The obtained results reveal another paradoxical contradiction: despite a low share of healthcare expenditures in Kazakhstan’s GDP, the country exhibits a relatively high proportion of private healthcare expenditures. Despite this, Kazakhstan demonstrates a low incidence of catastrophic health expenditures and a fairly proportional payment system. This suggests that the high share of private payments does not worsen the financial resilience of the population. Particularly, the underprivileged segments of the population either do not spend significant amounts on healthcare, or conversely, government funding and SHI have an insufficient share in the financing structure.

In order to reduce the share of OOP payments in the healthcare system, the authors of the review recommend implementing strategies commonly utilized in both developed and developing countries. These strategies include conducting economic efficiency studies to determine threshold prices, incorporating dental care into medical insurance packages, government support for national health insurance programs, subsidy programs for diseases with high economic burdens, elimination of informal payments, free screening programs, performance-based payment systems, and the substitution of branded medications with generics9.
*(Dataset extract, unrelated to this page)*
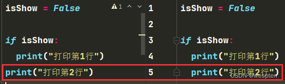 例如图中的代码,左边代码会打印第2行,而右边代码,1,2行都不打印

Limitations of our study may arise from our decision not to utilize total household expenditures as a measure of income. In developing nations, expenditures or consumption tend to be the preferred indicators. The rationale behind this preference in many developing countries is associated with inherent challenges in income measurement, such as the “seasonal variability of such income and a large share of income… derived from self-employment both in agriculture and other sectors”, aspects that households find difficult to account for as income. The substantial informal sector prevalent in developing countries further contributes to the unreliability of income data. Additionally, incomes might be concealed to evade taxation. Utilizing consumer expenditures of households, which reflect long-term welfare levels rather than immediate income, serves as a more dependable indicator of socioeconomic status. Furthermore, the unavailability of such data hindered our ability to conduct an analysis of impoverishment due to health expenditure16,23. Furthermore, our data from form D004 did not include information on food expenses, which prevented us from calculating the standard amount to cover basic needs for utilizing the approach to assess CHE as OOP expenses exceeding 40% after deducting the standard amount to cover basic needs. Another limitation of our study was the restricted number of factors considered, such as the number of individuals with disabilities and the number of individuals with chronic illnesses. An advantage of our study is that we conducted a comprehensive analysis of OOP healthcare expenditures, including FIA, using national-level data.

Conclusion

OOP healthcare expenditures in Kazakhstan decreased during the pandemic in 2020–2021, both in absolute terms and as a percentage of total income. The incidence of CHE did not exceed 2.6% for the entire sample at the 10% threshold and was lower in 2020–2021. Also, during this period, there is a transition of the Kakwani index towards the positive side. The OOP payment system is characterized by proportionality throughout the study period. Household size, the number of children in the household, and certain educational categories were factors influencing the concentration index for OOP healthcare expenditures. The increase in state and other types of healthcare financing, quarantine restrictions, had an impact on reducing OOP payments for health goods and services.